The provided code initializes a tokenizer associated with our LLAMA 2 model. The `AutoTokenizer.from_pretrained` method from the HuggingFace library simplifies this process by fetching the appropriate tokenizer based on the given `model_id`.

Once initialized, this tokenizer can be used to convert questions, paragraphs, or any textual data into a format suitable for our model. Understanding and using a tokenizer correctly is vital, as it ensures that our model receives data in a format it's trained to understand.

For a deep dive into tokenization and its importance, you can refer to the HuggingFace documentation on tokenizers.

In [12]:
# Setup a tokenizer

tokenizer = transformers.AutoTokenizer.from_pretrained(
    model_id,
    use_auth_token=HF_TOKEN
)


(…)at-hf/resolve/main/tokenizer_config.json:   0%|          | 0.00/1.62k [00:00<?, ?B/s]
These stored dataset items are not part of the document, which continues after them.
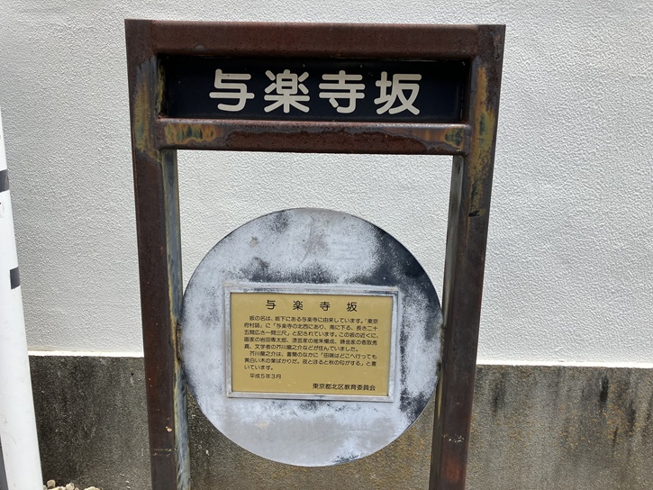 坂の名は、坂下にある与楽寺に由来しています。「東京府村誌」に「与楽寺の北西にあり、南に下る、長さ二十五間広さ一間三尺」と記されています。この坂の近くに、画家の岩田専太郎、漆芸家の堆朱楊成、鋳金家の香取秀真、文学者の芥川龍之介などが住んでいました。芥川龍之介は、書簡のなかに「田端はどこへ行っても黄白い木の葉ばかりだ。夜とほ(通)ると秋の匂がする」と書いています。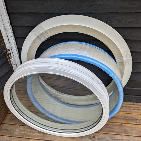 Två stora runda fönster med tvåglas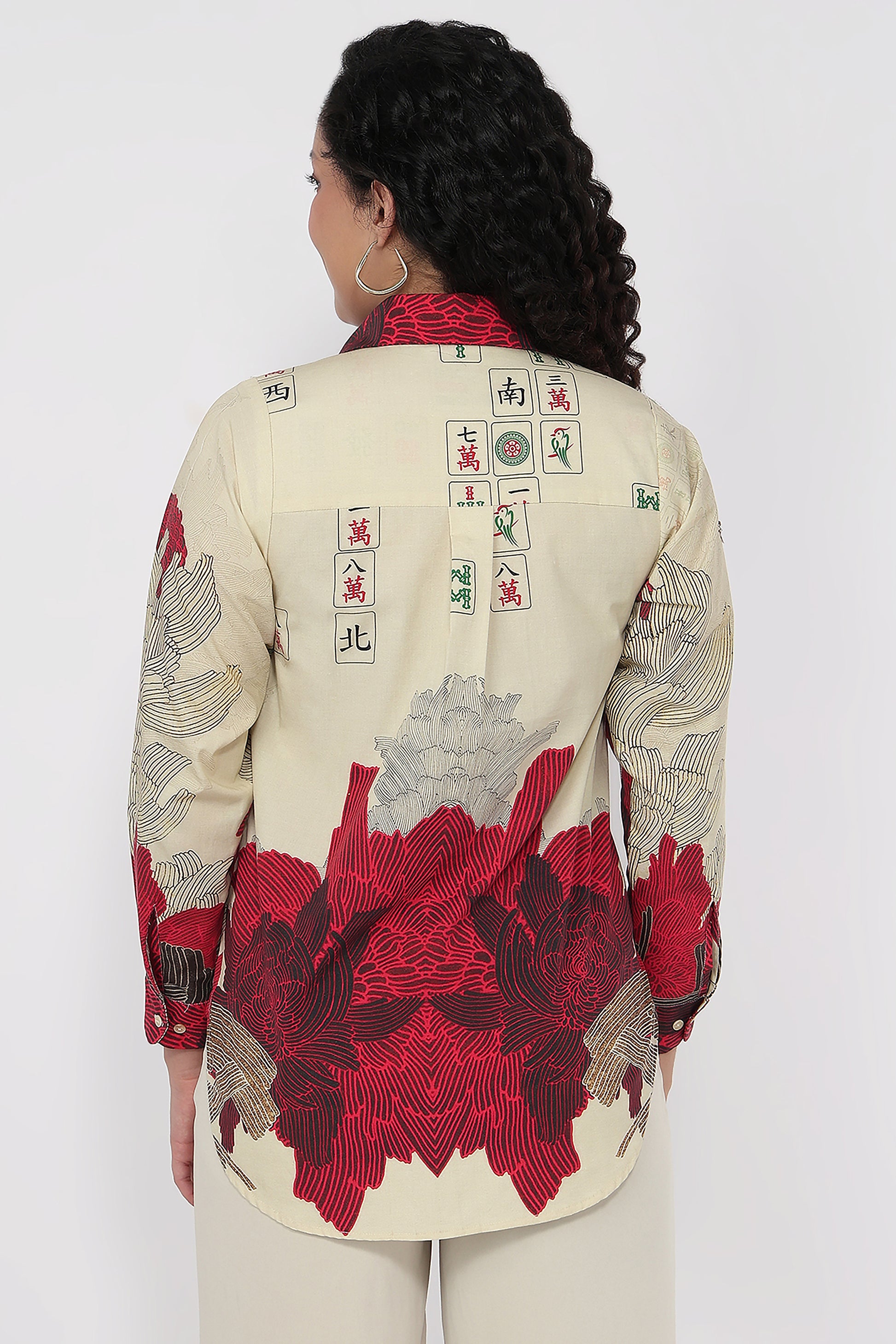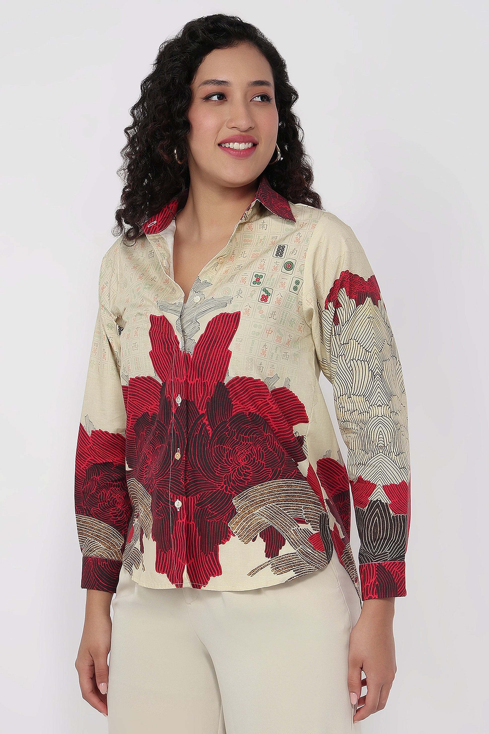 100% Pure cotton shirt Featuring bold scarlet peonies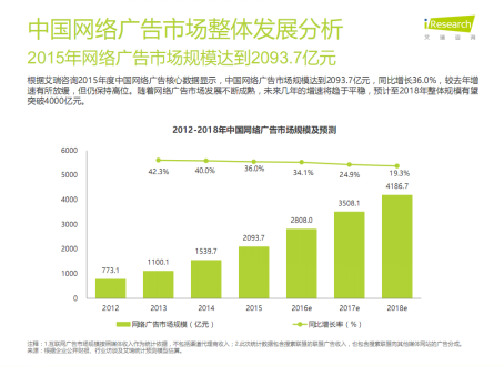 據(jù)艾瑞咨詢數(shù)據(jù)顯示,中國(guó)網(wǎng)絡(luò)廣告(數(shù)字營(yíng)銷)市場(chǎng)規(guī)模達(dá)到2093.7億元,預(yù)計(jì)2018年整體規(guī)模有望突破4000億元。2015年中國(guó)市場(chǎng)網(wǎng)絡(luò)廣告規(guī)模已經(jīng)達(dá)到電視和廣播廣告規(guī)模的兩倍。趙旭隆的演講從一組數(shù)據(jù)開始,表明國(guó)內(nèi)數(shù)字營(yíng)銷市場(chǎng)的規(guī)模正在不斷攀升,同時(shí)數(shù)字營(yíng)銷比重也已經(jīng)超越傳統(tǒng)營(yíng)銷,成為受廣告主青睞的營(yíng)銷方式。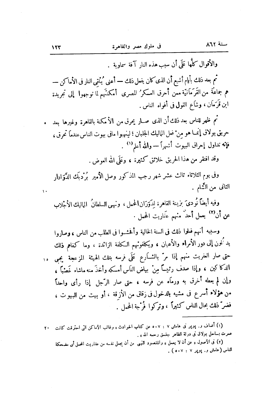 ثم بعد ذلك بأيام أشيع أن الذي كان يفعل ذلك- أعنى يلقى النار في الأماكن- هم جماعة من القرمانيّة ممن أحرق العسكر المصرى أمكنّهم لما توجهوا إلى تجريدة ابن قرمان، وشاع القول في أفواه الناس.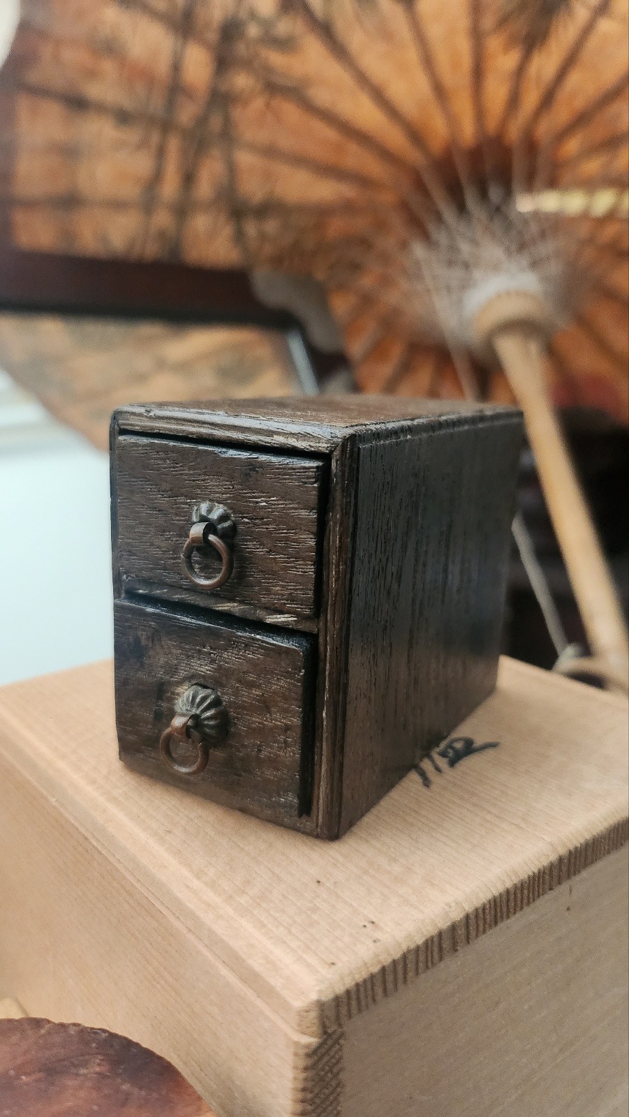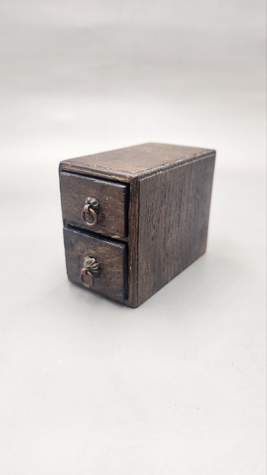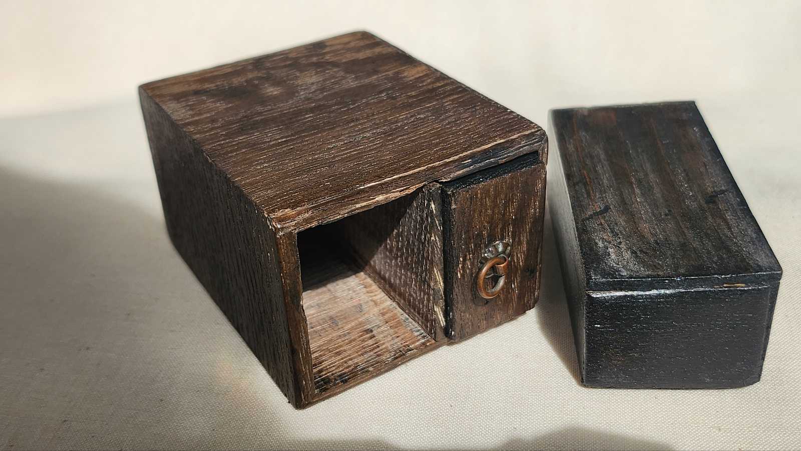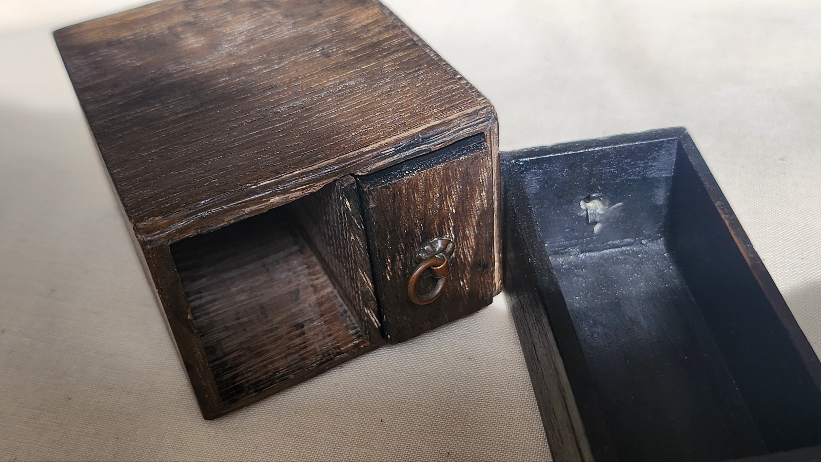 A small paulownia wood drawer box, perfectly sized to rest in the palm of your hand.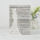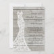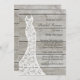 A romantic lace wedding dress accents this bridal shower invitation on a barn board background. This coordinates beautifully with the country, rustic, boho or barn wedding. The tone of the background resembles drift wood, so this works equally well with destination or beach weddings. Scroll down to see coordinating items.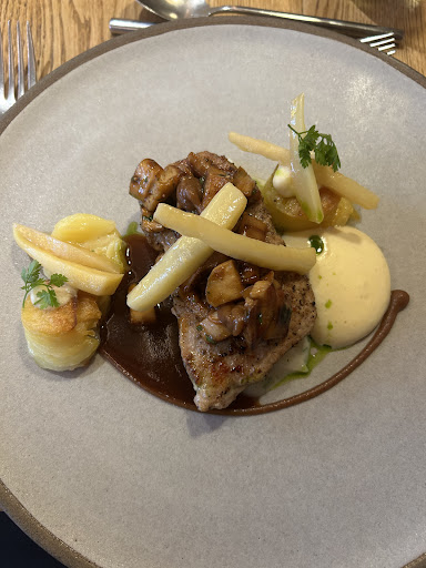 Abends im Restaurant wurden wir wieder sehr herzlich empfangen und an unseren Tisch gebracht. Es gab warmes Brot mit zwei Aufstrichen und einem Kräuteröl zu Beginn. Dann folgten der Gruß aus der Küche, ein Salat, eine Suppe, ein Hauptgang und ein Dessert. Zwischen den Gängen ließ man sich Zeit und fragte uns ob wir noch warten wollten oder der nächste Gang serviert werden durfte. Die Einrichtung war auch hier aufs Detail perfekt in Szene gesetzt. Man erkennt hier einen roten Faden. Die Fructoseintoletanz meiner Freundin haben wir bei der Buchung mit angegeben. Vor dem Essen kam das Personal freundlich auf uns zu und sprach das komplette Essen mit uns durch. Die Köche hatten sichtlich Spaß daran kreativ Alternativen zu finden. Wir hatten zu keinem Zeitpunkt das Gefühl Umstände zu bereiten. Wir haben zwar nicht im Pavo (1 Michelinstern) gegessen, jedoch merkt man dass hier mit Stern gekocht wird. Auch der mittags bestellte Kaiserschmarren wird deutlich auf ein ganz neues Niveau gehoben. Das Restaurant ist zwar deutlich gehoben, jedoch keinesfalls abgehoben. Alle Gäste sind willkommen.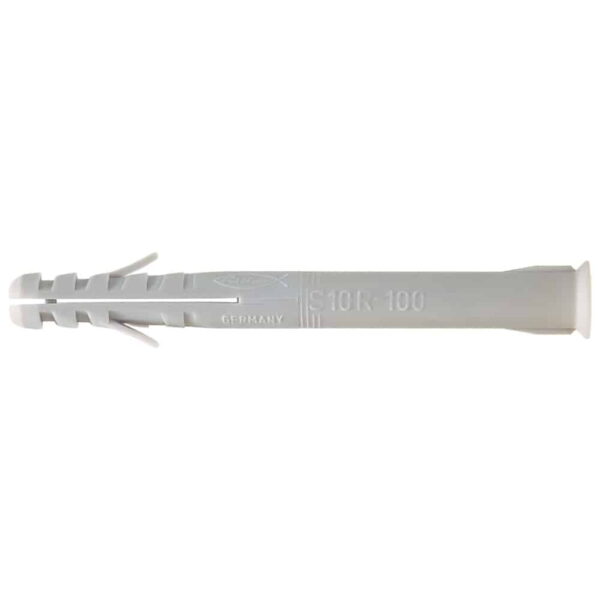 Der fischer Dübel S 12 R ist ein Spezialdübel zur Aufnahme der fischer Universal-Ösenschraube GS. Der aus hochwertigem Nylon hergestellte Spreizdübel wird in der zeitsparenden Durchsteckmontage gesetzt. Die Spreizflügel verhindern ein Mitdrehen und erleichtern die Montage. Beim Eindrehen der Universal-Ösenschraube verspreizen die zwei Spreizzonen und verankern sicher im Baustoff. Bei Montage in Randnähe den Dübel so drehen, dass die Spreizkraft parallel zum Rand wirkt.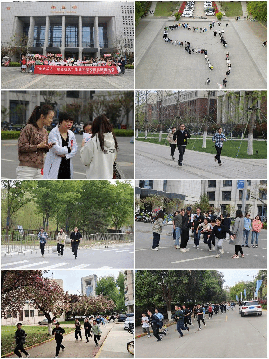 4月7日下午,生命学院在两校区开展“生命活力·献礼校庆”纪念跑活动,以校史快问快答、接力跑的形式展现学院师生的昂扬活力。127名本科生在兴庆校区绕校一周,用整齐的步伐丈量梧桐道,汇聚成中国地图。127名研究生在创新港校区接力奔跑,以你追我赶的比拼与时间赛跑,跑出生命学院的加速度。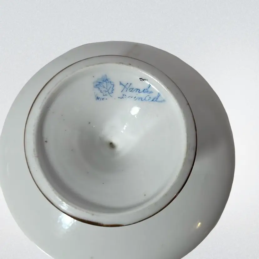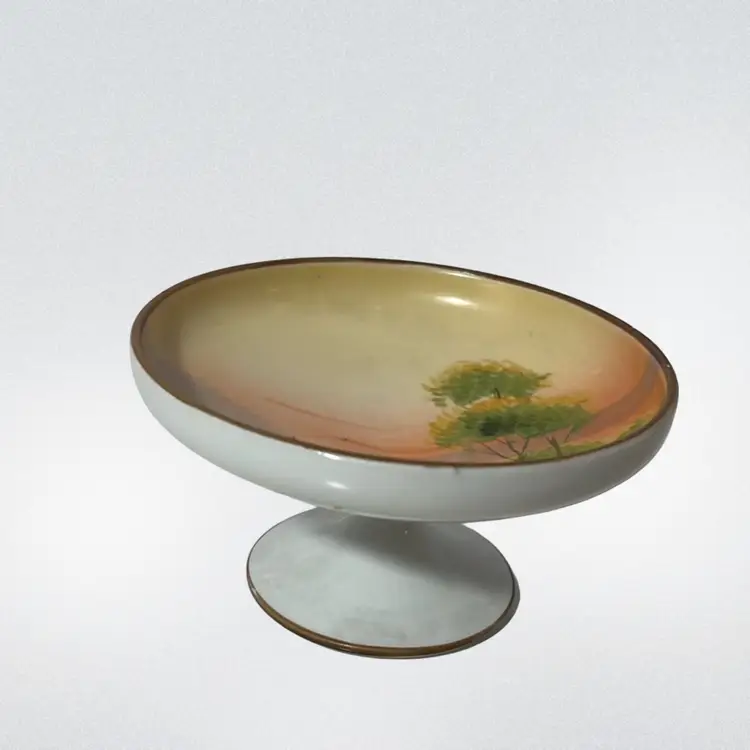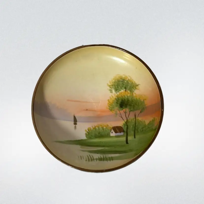 Decorated seascape featuring house on lake with trees and sailboat and lovely sky. In excellent vintage condition, no chips or cracks, minor wear on gold trim. See photos for conditions.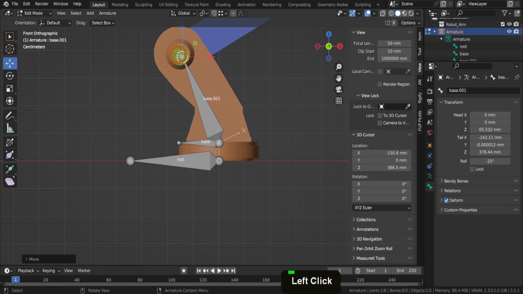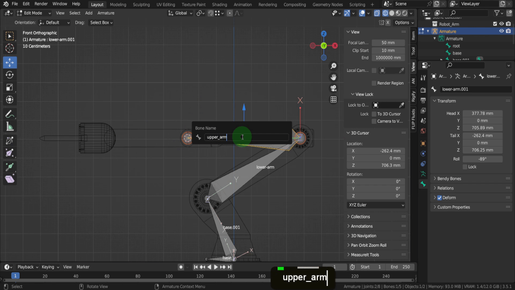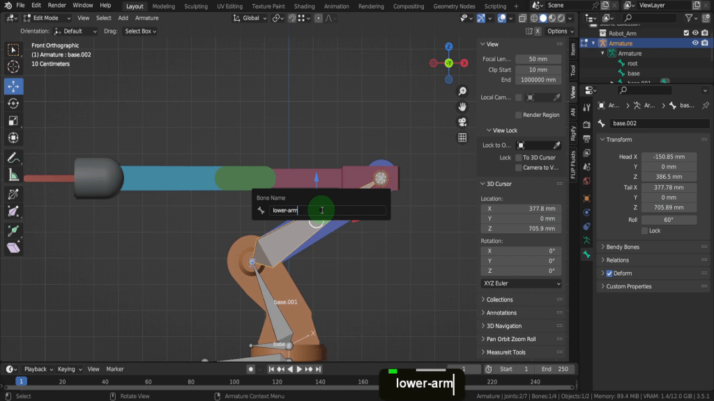Press Shift + S and we can put the cursor to selected. Similar to before we need this at zero on the Y-axis and aligned with our armature. So let’s come to the view tab. In the Y location field let’s input zero. Now we can tab back to object mode. Select the armature and let’s tab in here. Let’s come into a front view as it’s easier see where the bone is placed. We can press E to extrude, press X to restrict it to the X axis and we can left click and just place that here. Press G and drag up close. Then we can snap this into position so press Shift + S and choose selection to cursor. Lets select the bone. Press F2 and rename this “lower_arm”. The previous bone “base.001” is fine name this as we won’t be binding this to any vertices. Its just a visual for the bone hierarchy.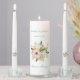 This wedding unity candle set is shown with a lovely floral image with a sage green color text.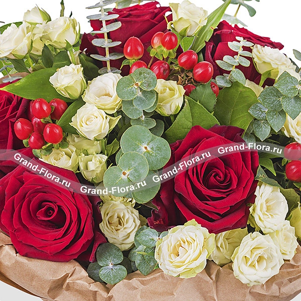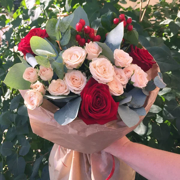 ЛЮКС: роза красная - 9 шт., роза кремовая кустовая - 4 шт., эвкалипт - 4 шт., гиперикум - 3 штт( Возможна замена на иные ягоды)., упаковка, лента. Примерный размер: 35Х35 см.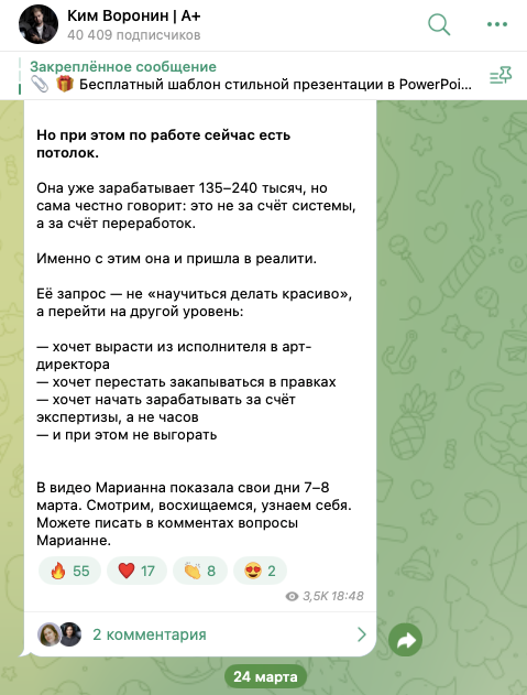 Почти весь контент на ТГК направлен на прогрев читателей с целью побудить их записываться на платное обучение организатора проекта. Профессиональных материалов, знания из которых можно было бы сразу применять на практике, в ленте канала нет.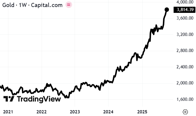 Není se tak čemu divit, že investoři se ve světle dění ve Spojených státech odklánějí od dolaru, a naopak hledají útočiště ve zlatu. Tomu hraje do karet napjatá geopolitika, zvýšená nejistota a nákupní apetit ze strany centrálních bank. Podíl zlatých rezerv mimo jiné navyšuje i ČNB a celá řada dalších centrálních bank, zejména těch z rozvíjejících se zemí. Zlato tak pokořilo hranici 3 800 USD za unci a za poslední 3 roky v dolarovém vyjádření zhodnotilo o astronomických 125 %.
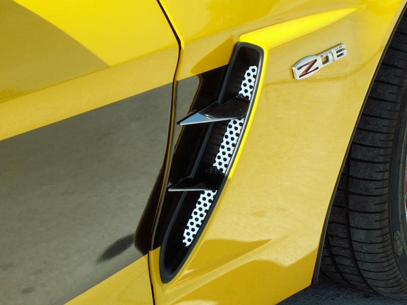 Dress up your Corvette with our Polished Stainless Steel Side Vents with Spears. These trim pieces are designed to fit the 2006-2013 Z06 Corvettes in the side fender vents and adds a clean stylish look to your Corvette exterior. Compliments our C6 Corvette Perforated Z06 Hood Vent Grille 042056.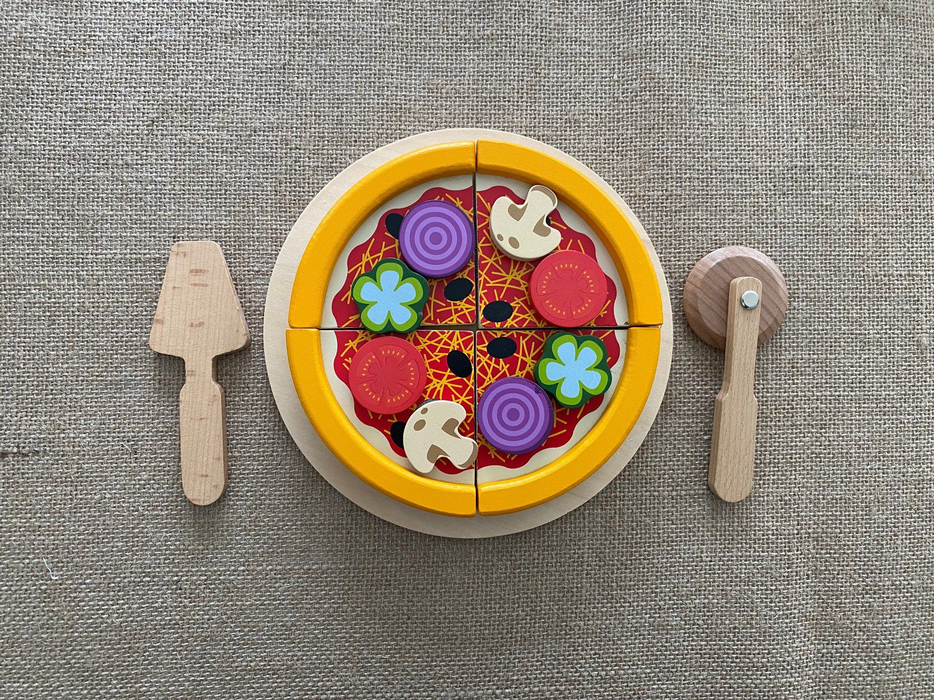 Une belle pizza en bois solide, facile à manipuler et parfaite pour jouer au restaurant, à la cuisine ou au marchand. Les enfants adorent partager les parts entre amis ou en famille.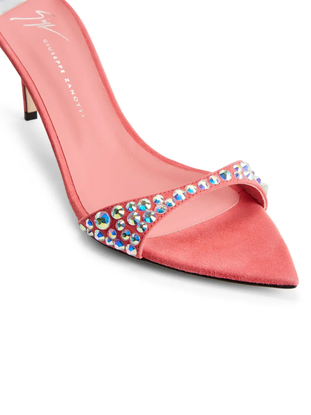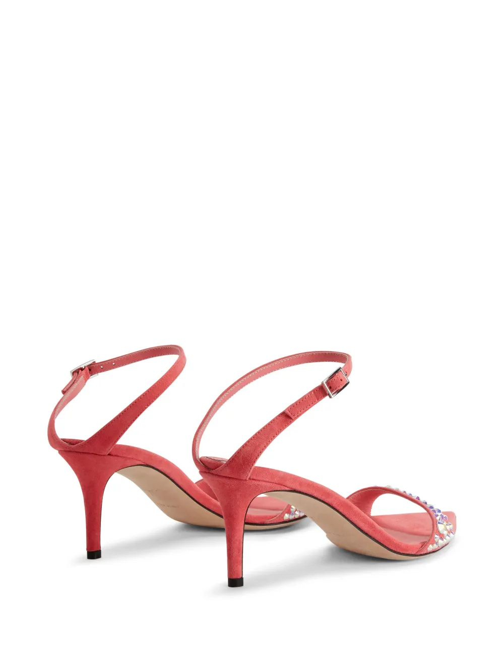 Кораллово-розовый, замша, украшения из горного хрусталя, заостренный носок, открытый носок, ремешок на щиколотке с пряжкой, кожаная стелька с логотипом и каблук средней высоты.

tokenizer.model:   0%|          | 0.00/500k [00:00<?, ?B/s]

(…)-13b-chat-hf/resolve/main/tokenizer.json:   0%|          | 0.00/1.84M [00:00<?, ?B/s]

(…)-hf/resolve/main/special_tokens_map.json:   0%|          | 0.00/414 [00:00<?, ?B/s]

#### Language Model Pipeline for Text Generation
Creating an efficient pipeline is fundamental for streamlined model inference. The provided code sets up a text generation pipeline using the loaded LLAMA 2 model and its corresponding tokenizer.

Here's a brief overview of the key components:

*    Pipeline: A utility from HuggingFace, which simplifies the process of input processing, model inference, and output post-processing into a single callable function.

*    Important parameters:

  *    `temperature`: It influences the randomness of the model's output. A value closer to 0 makes the output more deterministic (and hence, less diverse), while a value closer to 1 allows for more variation.
  *    `max_new_tokens`: This limits the length of the generated response, ensuring the model doesn't produce overly long outputs.
  *    `repetition_penalty`: A mechanism to prevent the model from repeating phrases or words in its response. A value greater than 1 penalizes repeated content.


The final two lines cater to a practical concern: enabling batching for inference. This ensures efficient GPU utilization when processing multiple inputs simultaneously.

Setting up such a pipeline is invaluable, especially when wanting to interact with the model iteratively or for batch processing, as it encapsulates the complexity of the underlying processes.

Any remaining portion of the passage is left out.